This results in two log entries in Datadog which Datadog cannot parse to find the metadata since the JSON structure is broken. Both messages are registered as INFO messages and no alarm is generated even though levelname is set to ERROR in the first message. This is a problem that I think could be neatly solved by the logging library itself rather than the log driver (Fluent bit).

My suggestion is that the logging configuration accepts a parameter to allow log messages to be split into multiple parts before emitting them so that the JSON structure will always survives the journey to the logging tool. The first partial log message would have the correct log level and subsequent parts would be set to INFO. For example:

logger.configure(handlers=[{"max_size": 16000}])

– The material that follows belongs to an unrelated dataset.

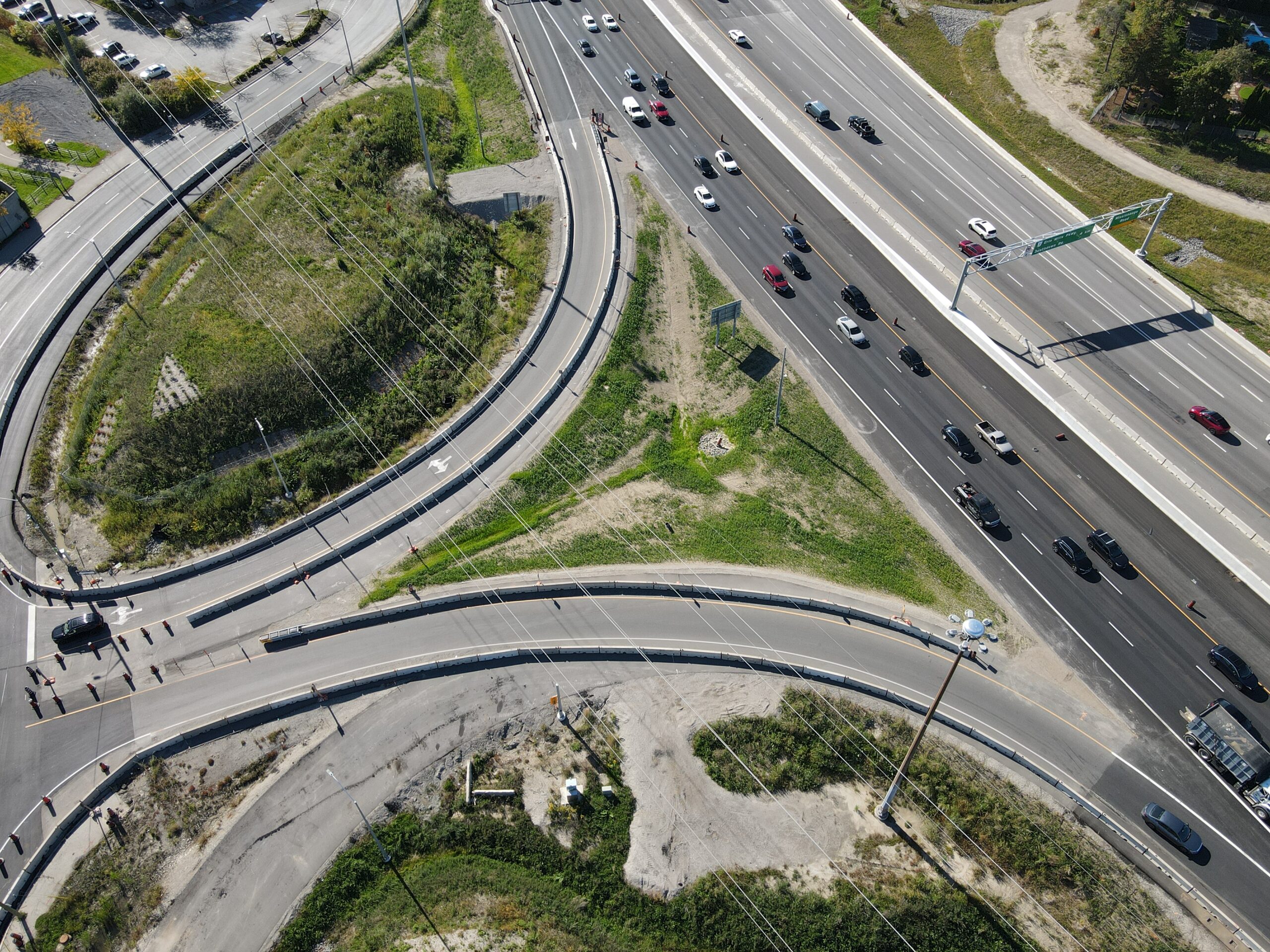 Sortie de l’autoroute QEW Ouest vers le chemin Mississauga – Vue vers l’ouest

The Fluent Bit metadata could be added inside the log record by Loguru to provide the same information: partial_message, partial_last, partial_ordinal.

Cheers, Kevin

mrkmcnamee avatar Oct 23 '23 09:10 mrkmcnamee

Hmm, it seems there is a solution for this in Fluent Bit but it requires building a custom Fluent Bit image. https://github.com/aws-samples/amazon-ecs-firelens-examples/tree/mainline/examples/fluent-bit/filter-multiline-partial-message-mode

mrkmcnamee avatar Oct 24 '23 06:10 mrkmcnamee

I will reopen the issue to get an opinion on this.

While a custom built Fluent Bit image can solve the problem, it seems like a lot of work, and in some cases could be a non-starter for some teams. For my own part, I could build a custom image, but then I am forced into maintaining yet another project which I am reluctant to do.

That Loguru (or any logging library) could be configured to adapt to the available infrastructure and size messages appropriately seems like a good idea.

mrkmcnamee avatar Oct 26 '23 11:10 mrkmcnamee

Hi @mrkmcnamee.

Thanks for providing detailed insight into the issue you're facing with Fluent Bit and Loguru.

I understand the problem you're encountering, but I am not inclined to incorporate such kind of workaround into Loguru. The 16KB size limitation is highly specific to Fluent Bit, and I believe it is beyond the scope of Loguru's responsibilities. Loguru is designed to provide a versatile and customizable API, allowing you to construct specialized handlers tailored to your specific development environment and external framework constraints.

I'm not sure of the output you would expect, anyway. Wouldn't that be possible to write a custom sink in charge of splitting the logs?

Delgan avatar Oct 29 '23 10:10 Delgan

Point taken, and given that it is a specific use case then writing a custom sink would be a good solution. I am not sure if this is stated explicitly in the documentation, but can a sink emit two log messages at a time?

mrkmcnamee avatar Oct 29 '23 10:10 mrkmcnamee

Sinks don't emit logs, they only receive them (one by one) and write them to an endpoint.

Here is a fictive example:

def my_sink(message):
    parts = split_message(message) 
    for part in parts:
        sys.stderr.write(part + "\n")

logger.add(my_sink, serialize=True)

Delgan avatar Oct 29 '23 10:10 Delgan

Right, that's perfect, thanks.

mrkmcnamee avatar Oct 29 '23 11:10 mrkmcnamee

If you want to rely on some of the built-in features provided by a file sink, you can also implement the splitting procedure in a custom formatter, like the following:

def my_formatter(record):
    parts = split_record(record)
    formatted_parts = "\n".join(str(part) for part in parts)
    record["extra"]["formatted_parts"] = formatted_parts
    return "{formatted_parts}\n"

logger.add("file.log", formatter=my_formatter, rotation="00:00")

Delgan avatar Oct 29 '23 11:10 Delgan

I solved this by simply truncating the stack trace. The useful information was always found in the first part anyway. So the sink looks like this now:

import json
import logging
import sys
from loguru import logger


def datadog_sink(message):
    message_json = json.loads(message)

    # First move the stack trace to the exception dictionary:
    if message_json["record"]["exception"]:
        message_json["record"]["exception"]["exc_info"] = message_json["text"]
    message_json["text"] = message_json["record"]["message"]

    # Then truncate the stack trace
    if message_json["record"]["exception"]:
        maximum_exc_info_length = 15000
        if len(message_json["record"]["exception"]["exc_info"]) > maximum_exc_info_length:
            message_json["record"]["exception"]["exc_info"] = message_json["record"]["exception"]["exc_info"][:maximum_exc_info_length] + "... (traceback truncated)"

    serialized = json.dumps(message_json, default=str)

    print(serialized, file=sys.stdout, flush=True)


logger.configure(
    handlers=[
        {
            "sink": datadog_sink, 
            "format": lambda _: "{exception}",
            "level": logging.INFO,
            "serialize": True,
        }
    ]
)

mrkmcnamee avatar Dec 06 '23 15:12 mrkmcnamee